Dataset excerpt START

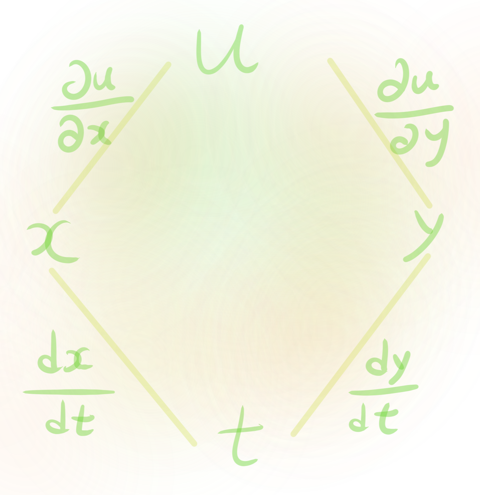 \frac{d u}{d t}=\frac{\partial u}{\partial x} \cdot \frac{d x}{d t}+\frac{\partial u}{\partial y} \frac{d y}{d t} .
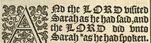 1 And the LORD visited Sarah as he had said, and the LORD did vnto Sarah *as he had spoken. [ *Chap.17. 19. and 18. 10. ]
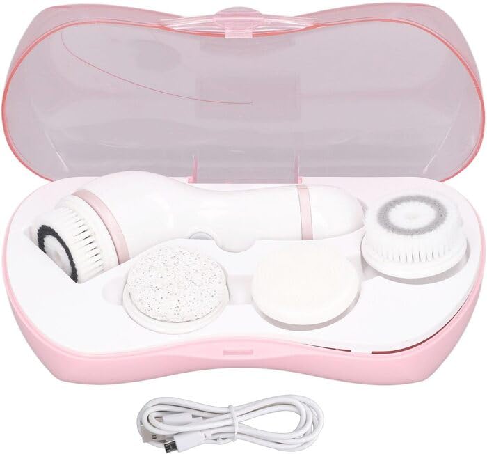 Generic - مجموعة فرش دوارة لتنظيف الوجه قابلة لإعادة الشحن مع 4 رؤوس فرشاة تقشير

Dataset excerpt END

__Problem requirements__: What is needed is the listing above, repeated verbatim, without its images.

__Expected answer__:
 \frac{d u}{d t}=\frac{\partial u}{\partial x} \cdot \frac{d x}{d t}+\frac{\partial u}{\partial y} \frac{d y}{d t} .
 1 And the LORD visited Sarah as he had said, and the LORD did vnto Sarah *as he had spoken. [ *Chap.17. 19. and 18. 10. ]
 Generic - مجموعة فرش دوارة لتنظيف الوجه قابلة لإعادة الشحن مع 4 رؤوس فرشاة تقشير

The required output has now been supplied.